**YOUR INSTRUCTIONS**
Please repeat, exactly as written, the line containing "Green Carmen Collar Knitted Sweatshirt" and every line after it through the end of the records below, leaving out any pictures.

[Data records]
● ● ● ● ●

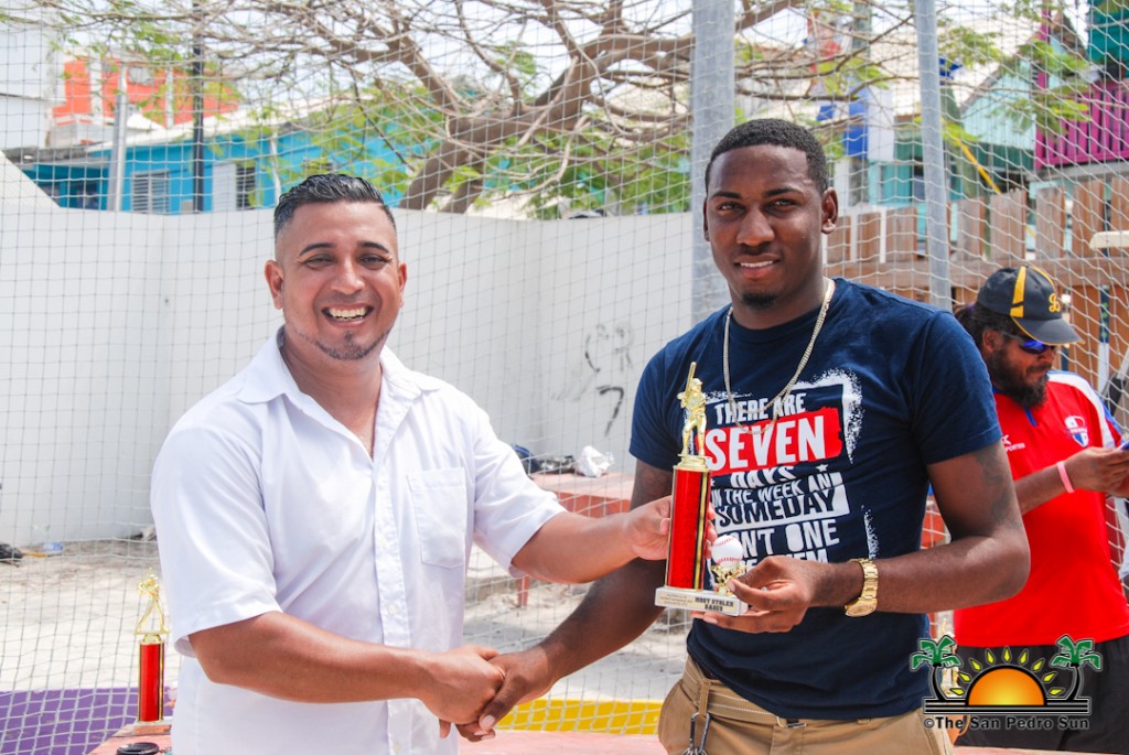 In addition to team trophies, individual awards were given to various tournament players. “Best Male Outfielder” went to Damion Pollard, while Aliyah Pilgrim won “Best Female Outfielder”. “Best Male Infielder” was Jason Carlson, and the “Best Female Infielder” was Karen Gillet. “Most Stolen Bases” went to Rene Flowers in the male category, while Aliyah Pilgrim took the prize in the female category. The best “Male Batting Average” award went to Damion Pollard, and the best “Female Batting Average” went to Lydia Cacho. The pitcher with the “Most Strike Outs” was Konrad Gonzales, and the pitcher with “The Most Wins” was Jermain Chi. Highest “Runs Batted In” saw Charles Richard winning in the male category, and Lydia Cacho took the female’s prize. “Most Valuable Player” of the San Pedro Co-Ed Softball Tournament was Damion Pollard.
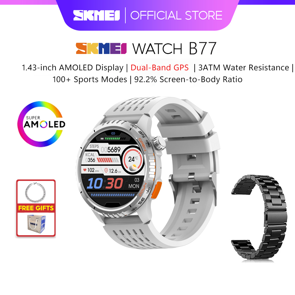 SKMEI B77 Smartwatch Man Built-in GPS 3ATMWaterproof 1.43" 60Hz AMOLED Display Outdoor Sports Fitness Tracker 22mm Strap
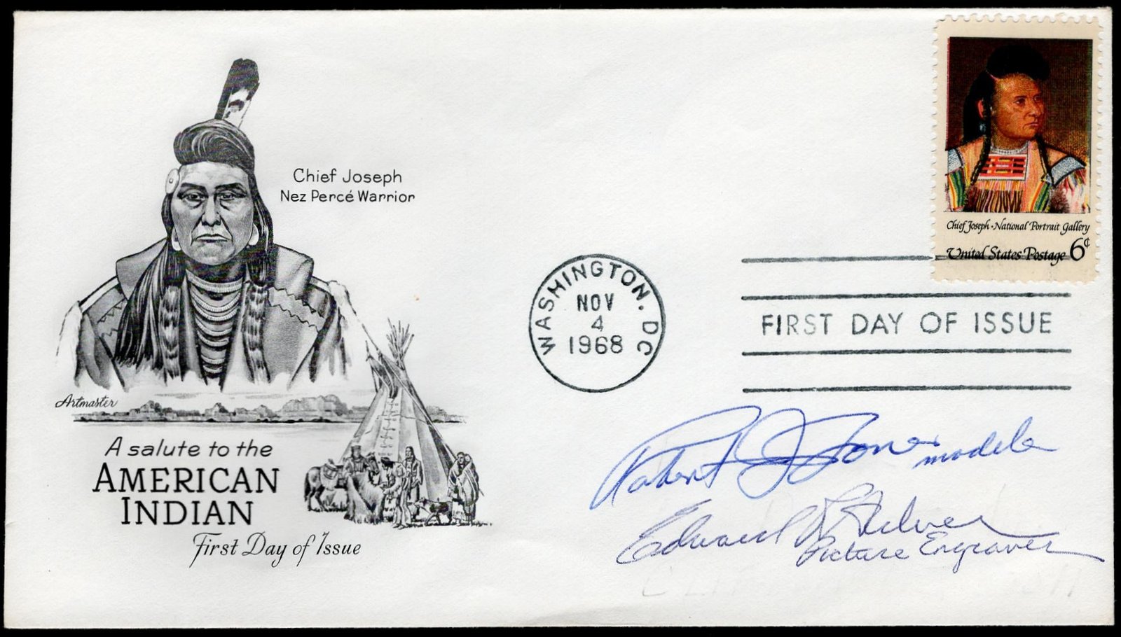 US 1968 (Nov 4) #1364 Chief Joseph FDC Signed by The Designers and Engravers for The Issue
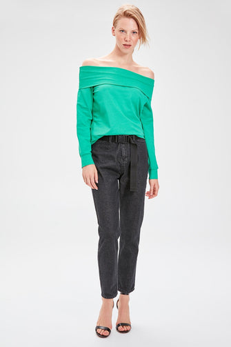 Green Carmen Collar Knitted Sweatshirt
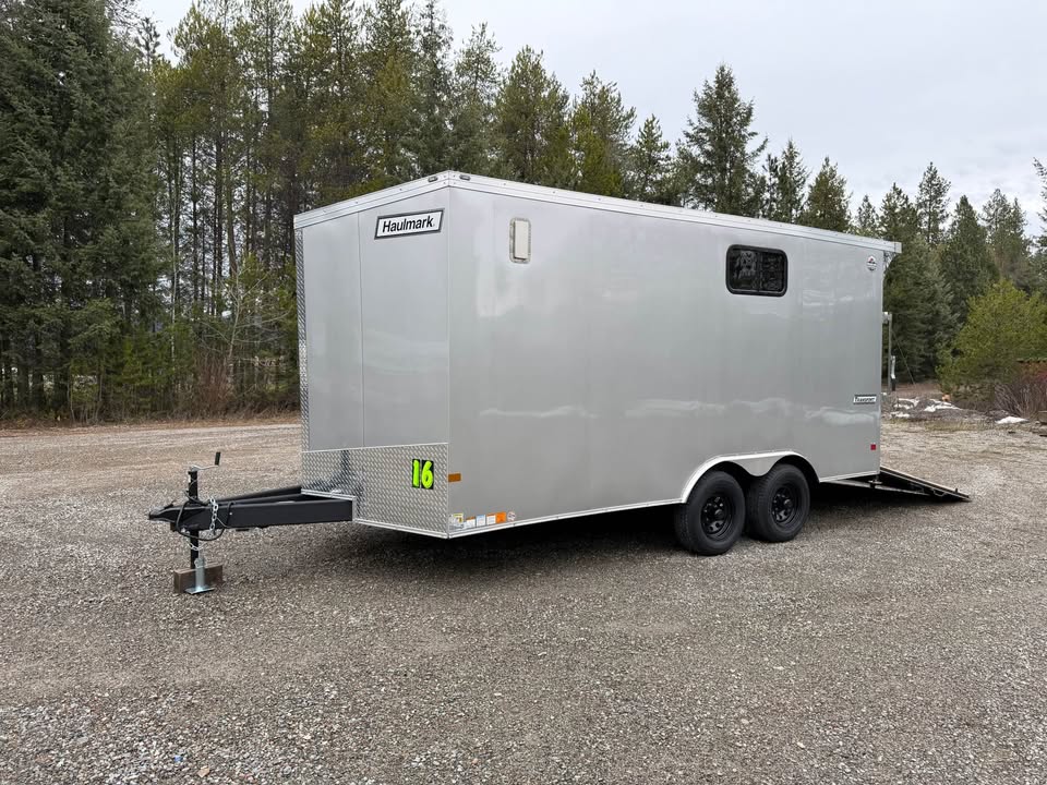 Brand-new 2026 Haulmark TransportΒ just arrived! Finished in sleek Silverfrost with upgraded features throughout β extra height, Torflex axles, spoiler ramp door, slider window, upgraded wheels, and more. Perfect for SXS/UTV hauling, contractor use, or secure cargo transport.

● ● ● ● ●

**OUTPUT**
 Green Carmen Collar Knitted Sweatshirt
 Brand-new 2026 Haulmark TransportΒ just arrived! Finished in sleek Silverfrost with upgraded features throughout β extra height, Torflex axles, spoiler ramp door, slider window, upgraded wheels, and more. Perfect for SXS/UTV hauling, contractor use, or secure cargo transport.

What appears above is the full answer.